Drop the pictures and extract exactly the lines from the one that contains "Die Auflösung: links" through the end of the material.

Dataset content |
Start of Block
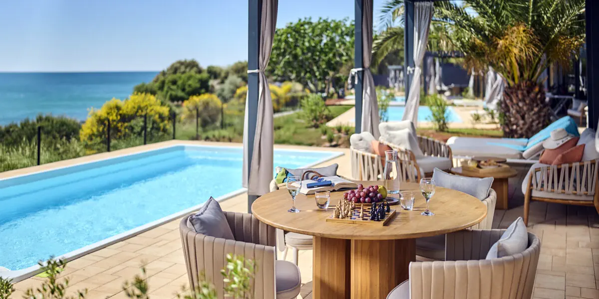 Nowoczesny domek z 2025 roku! Domek posiada prywatny basen oraz widok na morze. Jest klimatyzowany i wyposażony w wysokim standardzie. Ma 2 sypialnie, przestronny salon, duży taras (27 m2), prywatny basen (41 m2), 2 łazienki z prysznicami i w pełni wyposażony aneks kuchenny. Do tego 4 leżaki, a na tarasie stół i 4 krzesła
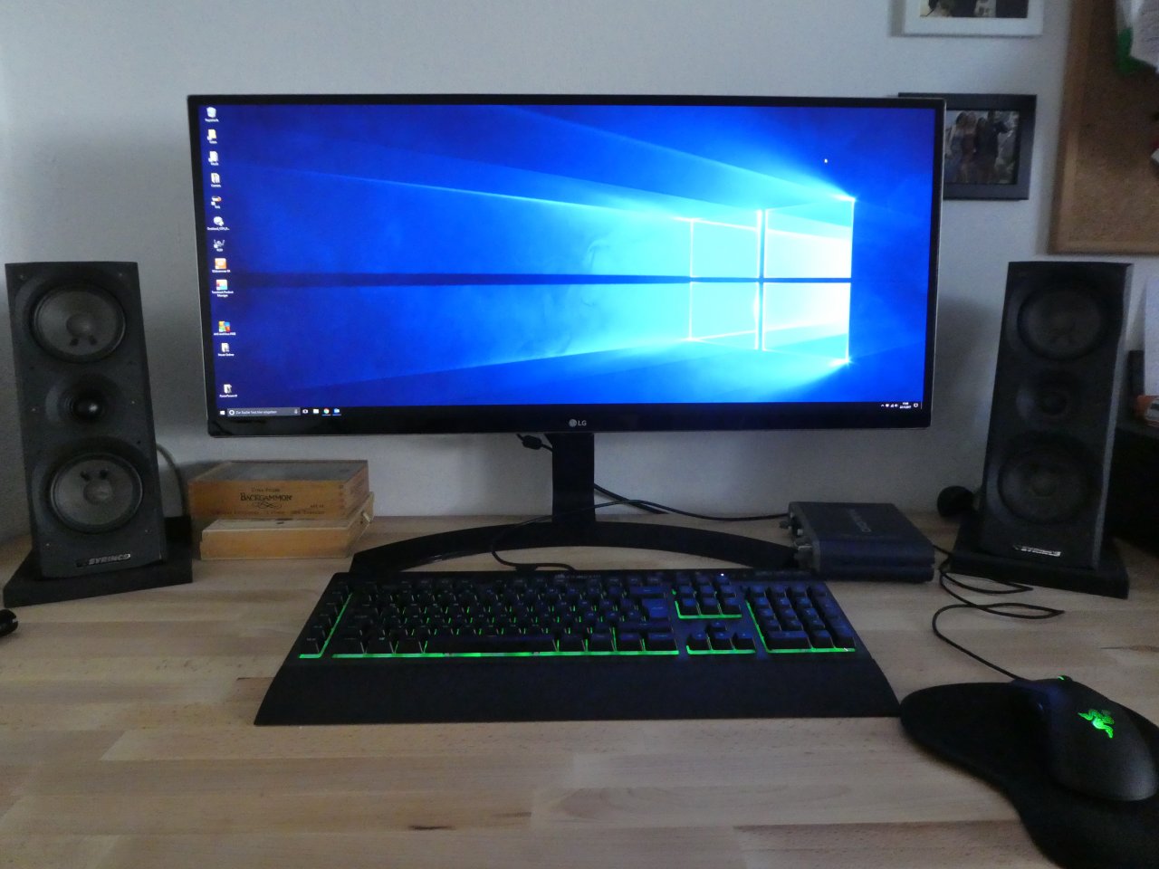 Die Auflösung: links neben dem Monitor, der schwarze Kasten mit dem Audiointerface in blau/silber drauf ;)
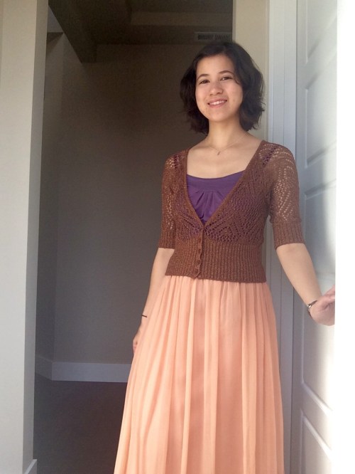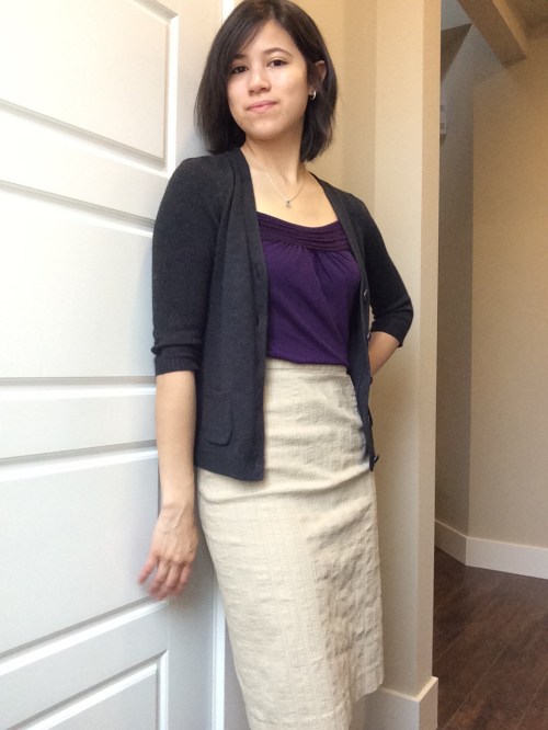 Somehow, even though the skirt waistband is the same height, my torso looks longer with the purple camisole. The knit jersey drapes and clings a bit more, while the cardigan is more structured, contributing to a bit of a tailored look.
End of Block
Solved problem |
 Die Auflösung: links neben dem Monitor, der schwarze Kasten mit dem Audiointerface in blau/silber drauf ;)
 Somehow, even though the skirt waistband is the same height, my torso looks longer with the purple camisole. The knit jersey drapes and clings a bit more, while the cardigan is more structured, contributing to a bit of a tailored look.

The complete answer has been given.